━━ TASK DATA ━━
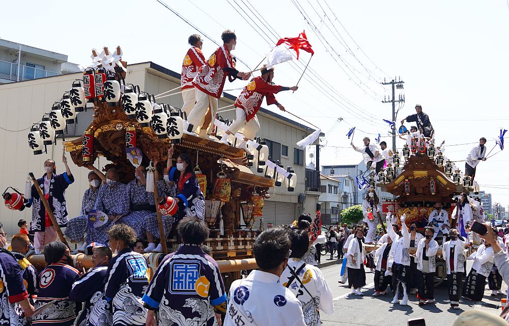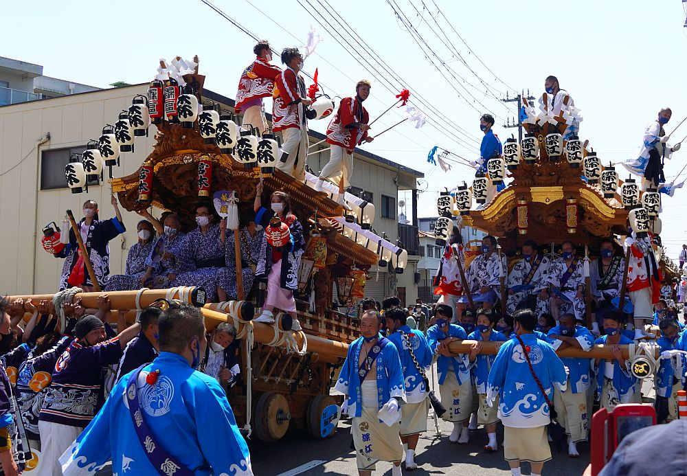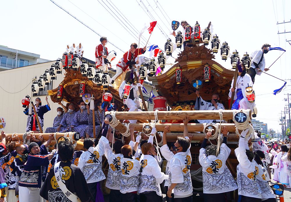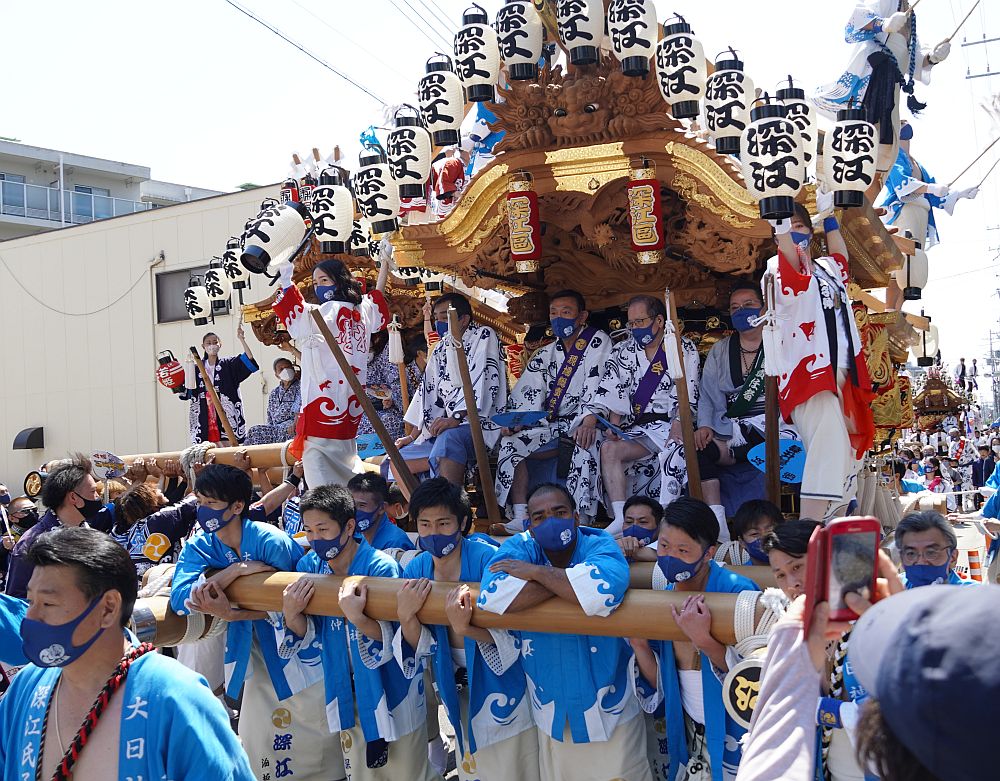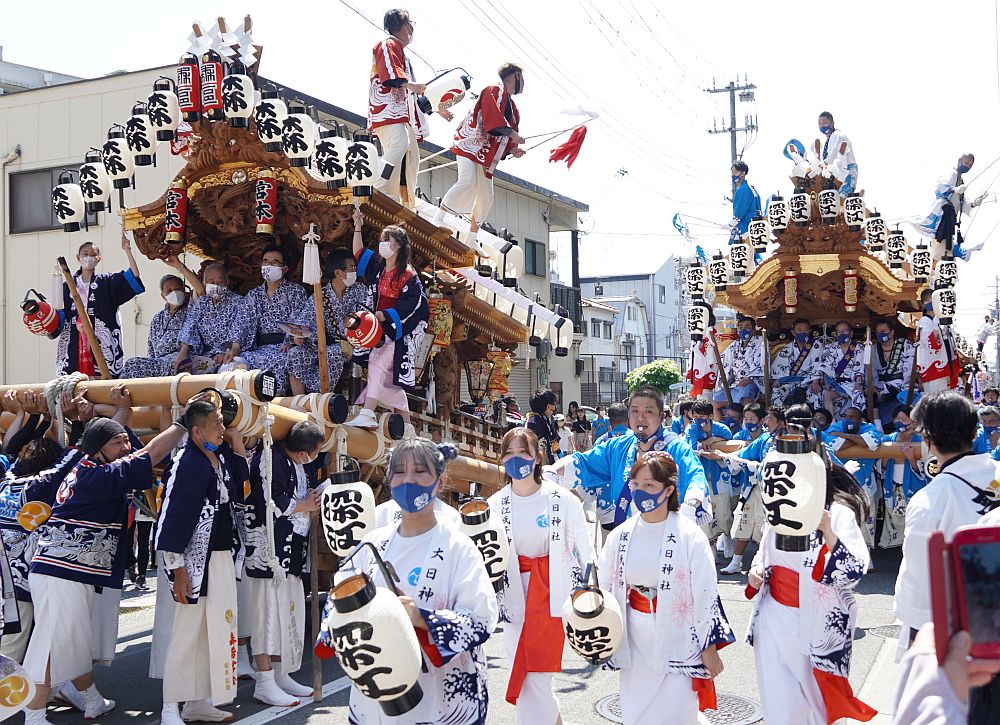 例年では森・深江・青木の3町地車による合同曳行、合同煉り合せ、
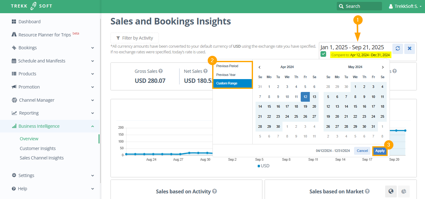 You can choose a pre-set period or choose a custom range with the time frame of your interest. It can also be interesting to compare two different periods, for example, this summer's performance compared to the year before, to see how seasonality might affect your business.
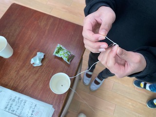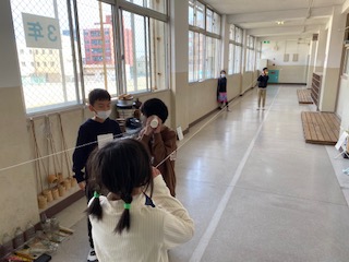 最近3年生の理科では、音の性質について学習しています。今日は音が伝わっていくときに、ものの様子がどうなっているのかを調べるために、糸電話を製作しました。糸電話を使ってみると、思ったより離れてみても、声が聞こえることにびっくりだった3年生でした。ぴんと張った糸を握ってみると、声が聞こえなくなることにも気づきました。たのしく学習することができました。
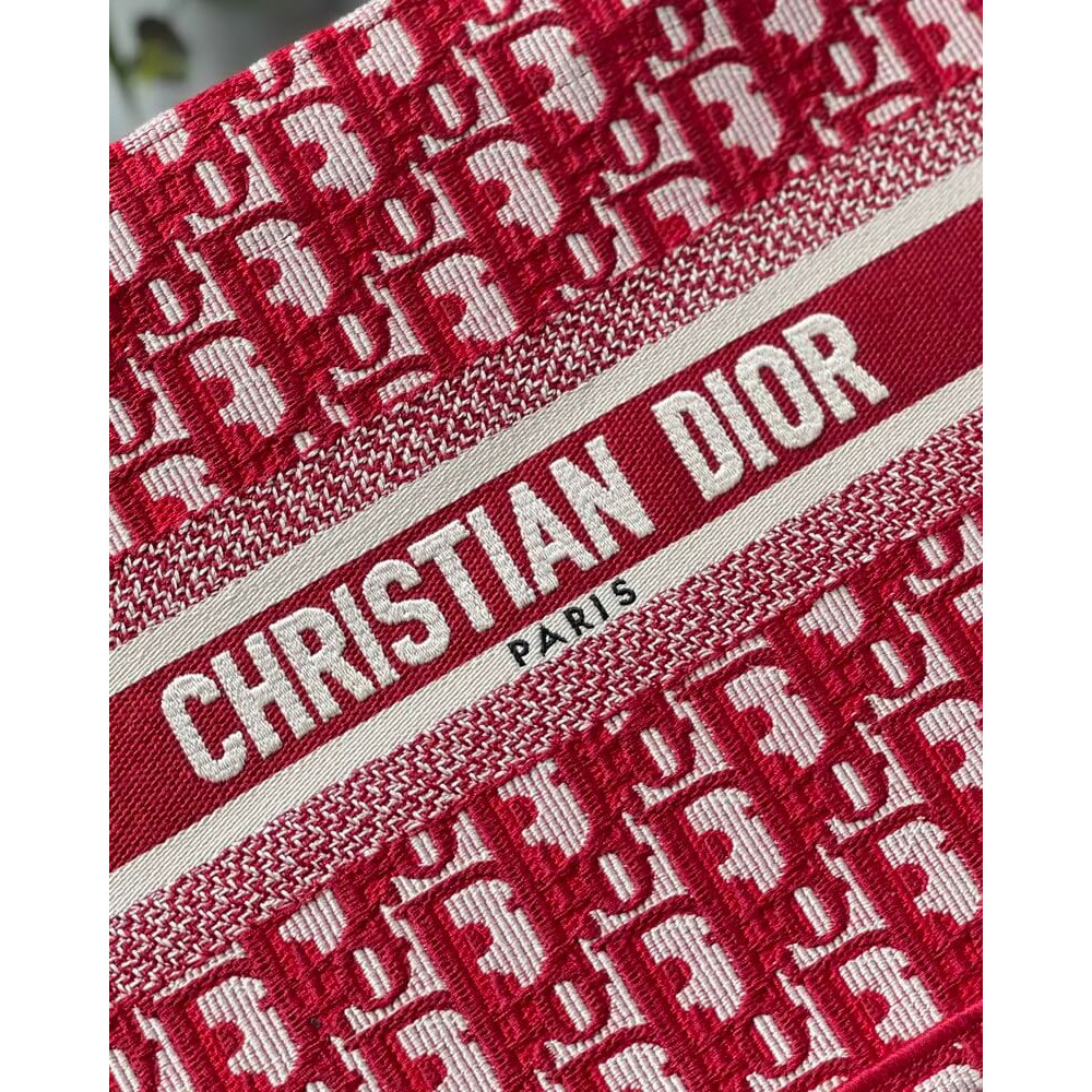 Home Shop All Bags Dior Christian Dior Small Book Tote Bag 26cm Oblique Embroidery Red
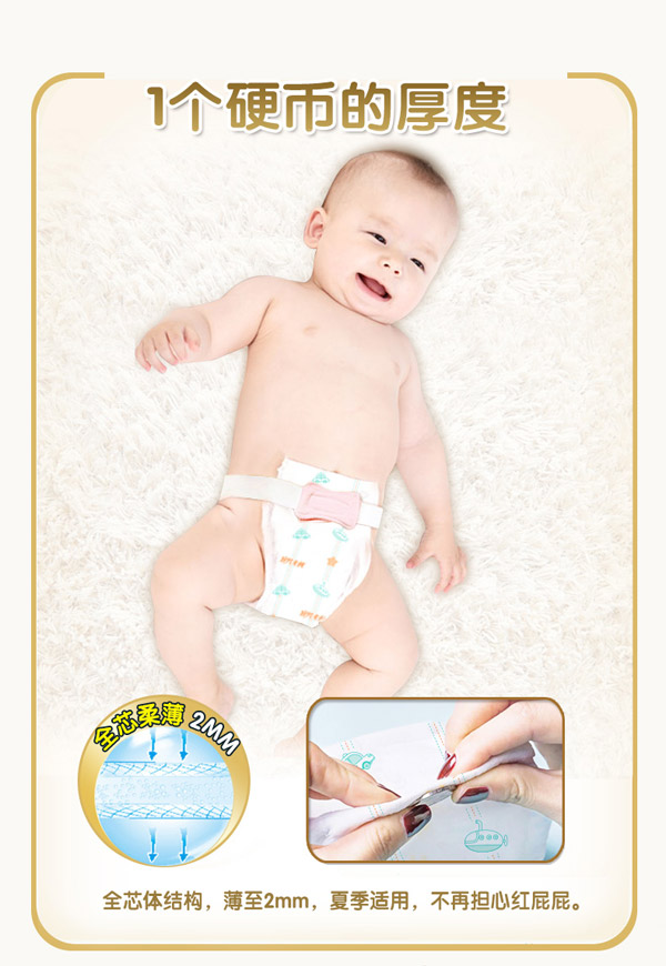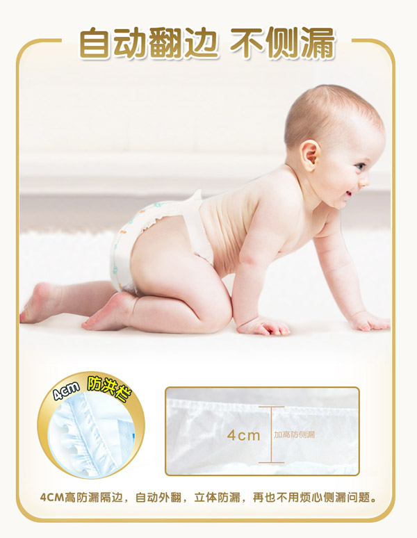 宜片無憂童趣紙尿褲采用熱風(fēng)材質(zhì),親膚柔軟,選用柔軟熱風(fēng)凸點無紡布作為面料,具有蓬松度高,彈性好,手感柔軟,透氣性好等特點,寶寶穿著舒適,玩的開心,睡得安心。
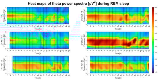 Effects of (R)-ketamine [7.5, 15, 30 mg/kg i.p., (R)-KET], (S)-ketamine [7.5, 15 mg/kg i.p., (S)-KET], and vehicle (saline, SAL) on EEG theta power (5–9 Hz) for 23 h following administration during REM sleep. White boxes indicate that the given treatment caused REM sleep suppression; to such a degree that quantitative EEG analysis could not be performed.
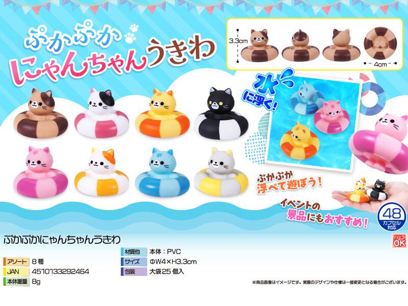 カラフルな浮き輪をつけた猫ちゃんマスコットは全8種類。
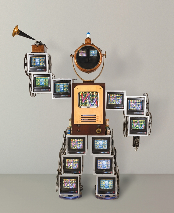 two-channel video, 2 USBs, 2 mini HD players, 15 televisions, neon tube, Edison standard phonograph, 4 Edison Diamond Discs, 15 phonograph cylinders, 22 film reels and various objects
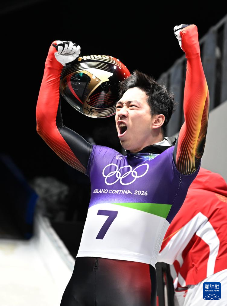 2月13日,中国选手陈文浩(前)在第四轮比赛后与队友拥抱庆祝。他获得第四名。
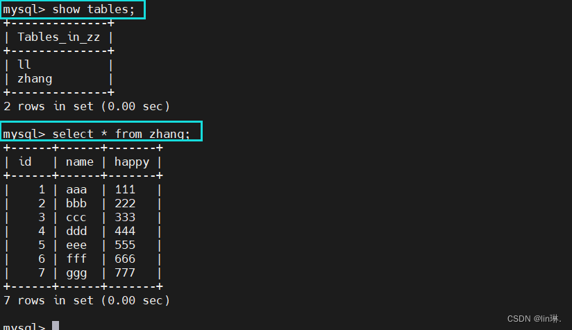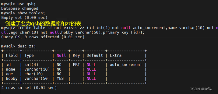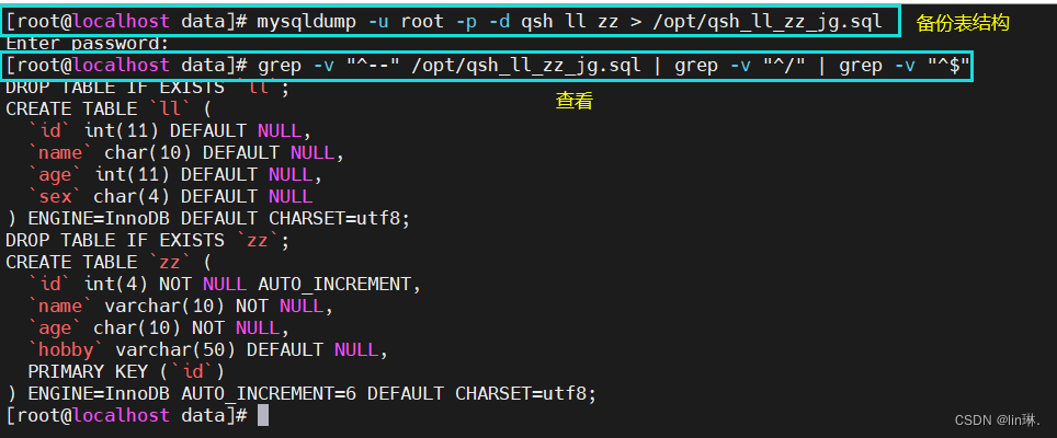 ② 当备份时不加 --databases,表示针对qsh库下的所有表
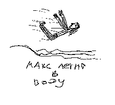 - А теперь, мой дорогой Буратино, водные процедуры! - с этими словами он взял Макса одной рукой за воротник, другой за пояс и швырнул чуть ли не на середину реки.
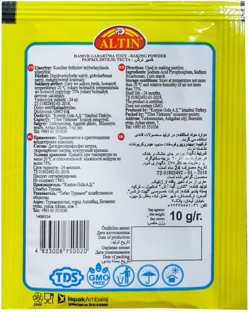 Altin Разрыхлитель тестаВ данный момент этот товар отсутствует в продаже. Возможно, у нас найдется аналогичный или похожий товар здесь. Применяется для получения пористой структуры, увеличения объема и поднятия теста. Специальные разрыхлители, добавленные в муку, при нагревании во время выпечки выделяют углекислый газ и поднимают тесто. Рекомендуется использовать для любого не дрожжевого теста. |
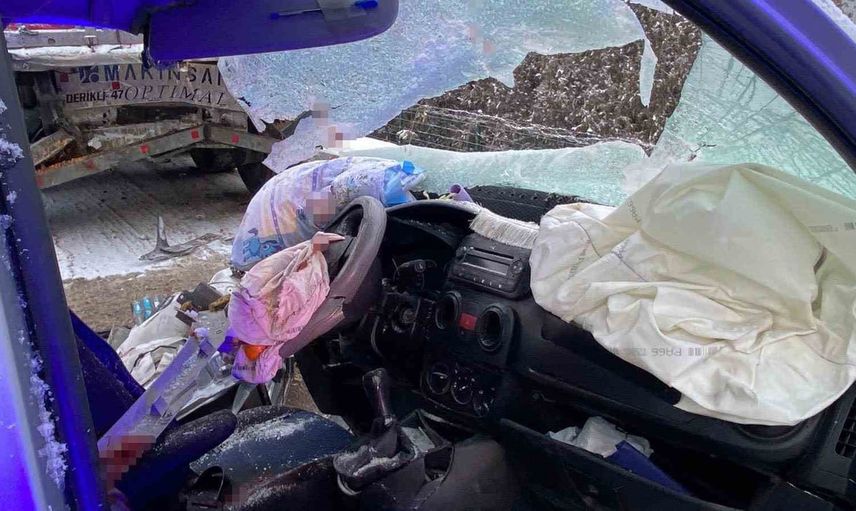 ELAZIĞ’DA BUZDAN DOLAYI KONTROLDEN ÇIKAN HAFİF TİCARİ ARAÇ, PARK HALİNDEKİ TIRA ARKADAN ÇARPTI. FECİ KAZADA HIZ KADRANI TAKILI KALIRKEN, KARI KOCA HAYATINI KAYBETTİ
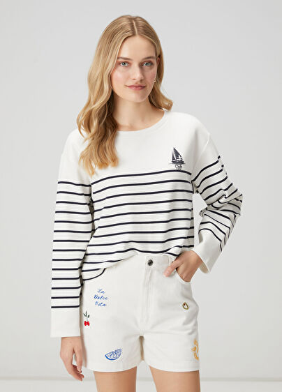 Crew neck, sail printed, striped sweatshirt
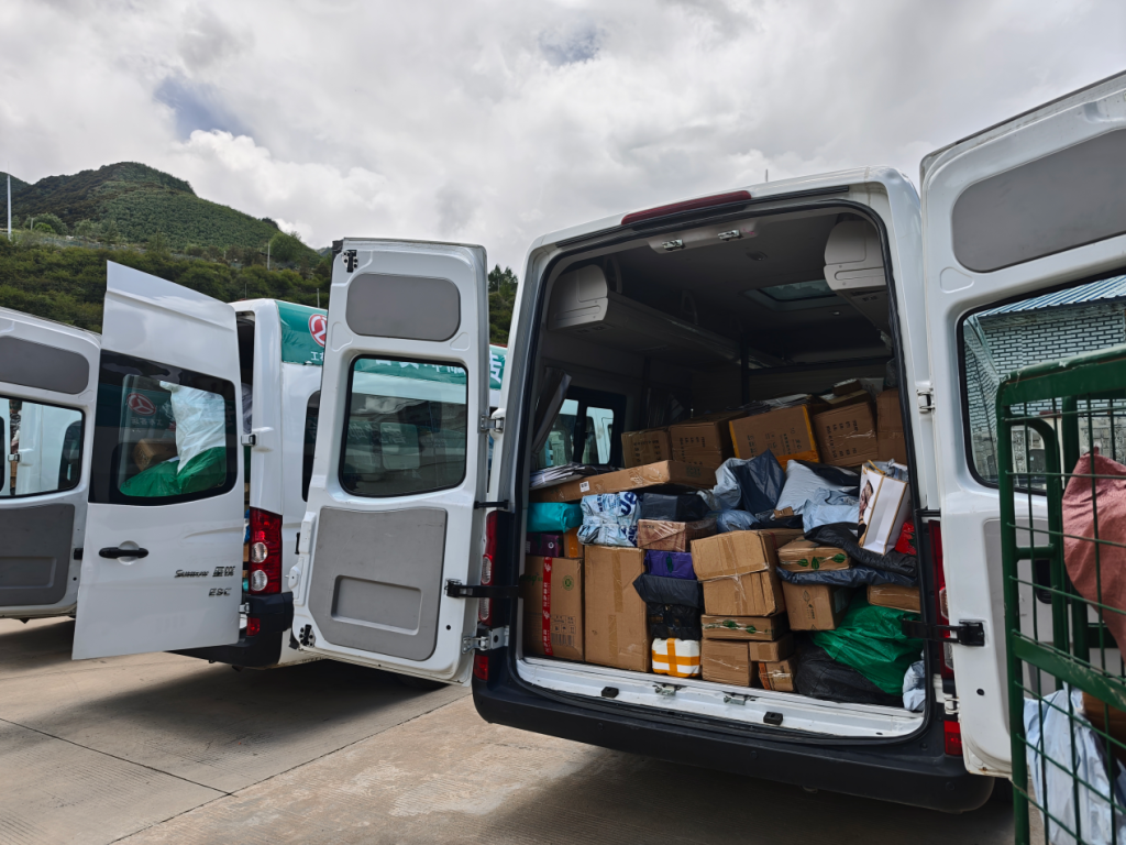 装满快递的农村客车
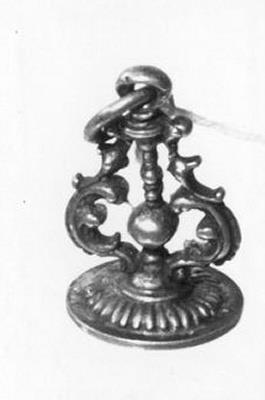 Handvat gedreven, dubbel voluut op ribbelrozet, wapen met zeven-puntige kroon, halve adelaar en drie klavers- Trefwoorden
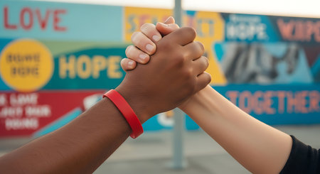 Handshake between dark skin and white skin shows respect and support with love hope and together in background. Connection between two people exactly 182 characters
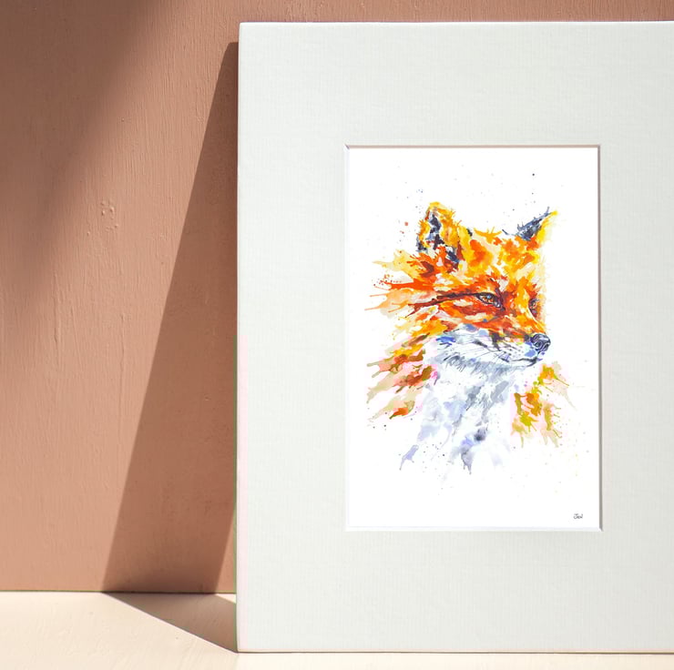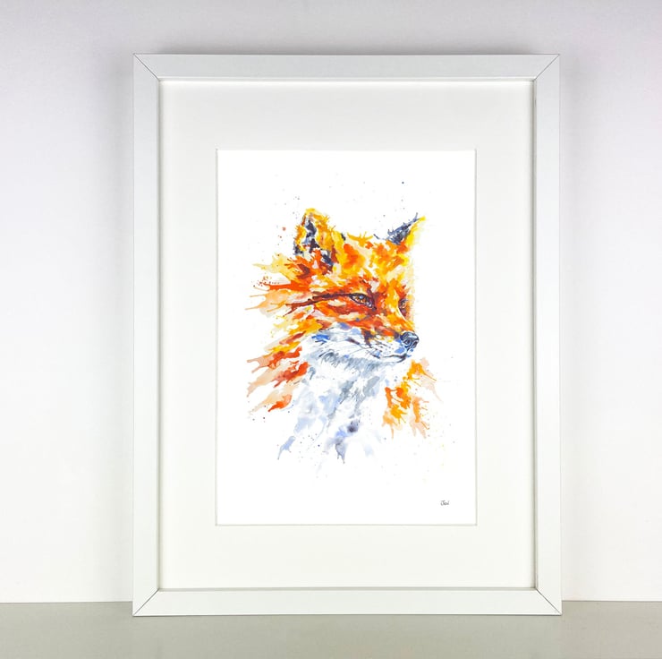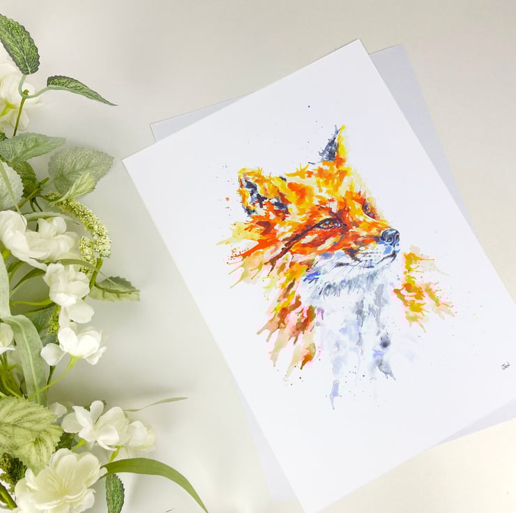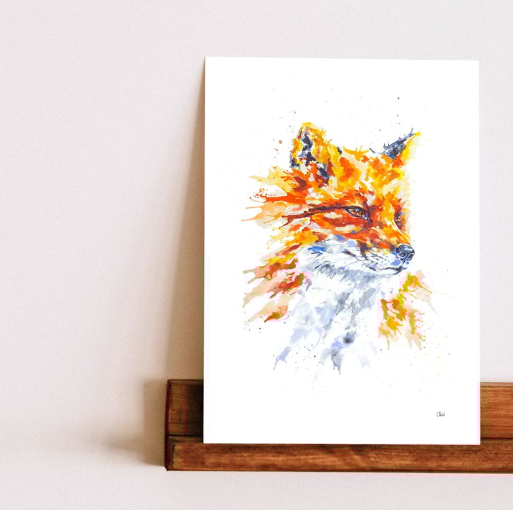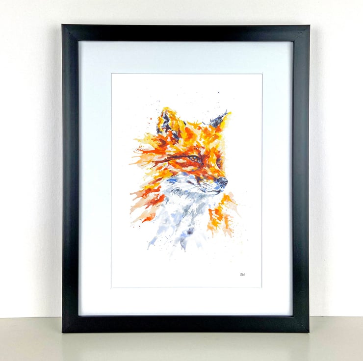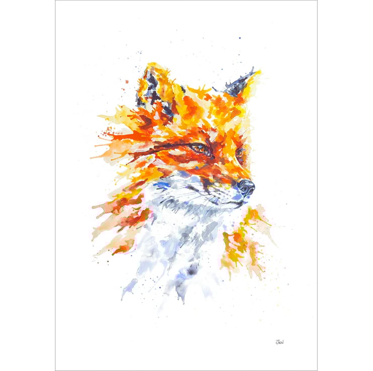 A beautiful fine art Giclee print of the watercolour painting 'Fox' by UK artist Jen Lewis.
━━━
TASK INSTRUCTIONS
Take the lines of the material above from the first through the one containing "カラフルな浮き輪をつけた猫ちゃんマスコットは全8種類。", both included, and print them exactly without the pictures.

SOLUTION TO THE PROBLEM
 例年では森・深江・青木の3町地車による合同曳行、合同煉り合せ、
 You can choose a pre-set period or choose a custom range with the time frame of your interest. It can also be interesting to compare two different periods, for example, this summer's performance compared to the year before, to see how seasonality might affect your business.
 最近3年生の理科では、音の性質について学習しています。今日は音が伝わっていくときに、ものの様子がどうなっているのかを調べるために、糸電話を製作しました。糸電話を使ってみると、思ったより離れてみても、声が聞こえることにびっくりだった3年生でした。ぴんと張った糸を握ってみると、声が聞こえなくなることにも気づきました。たのしく学習することができました。
 Home Shop All Bags Dior Christian Dior Small Book Tote Bag 26cm Oblique Embroidery Red
 宜片無憂童趣紙尿褲采用熱風(fēng)材質(zhì),親膚柔軟,選用柔軟熱風(fēng)凸點無紡布作為面料,具有蓬松度高,彈性好,手感柔軟,透氣性好等特點,寶寶穿著舒適,玩的開心,睡得安心。
 Effects of (R)-ketamine [7.5, 15, 30 mg/kg i.p., (R)-KET], (S)-ketamine [7.5, 15 mg/kg i.p., (S)-KET], and vehicle (saline, SAL) on EEG theta power (5–9 Hz) for 23 h following administration during REM sleep. White boxes indicate that the given treatment caused REM sleep suppression; to such a degree that quantitative EEG analysis could not be performed.
 カラフルな浮き輪をつけた猫ちゃんマスコットは全8種類。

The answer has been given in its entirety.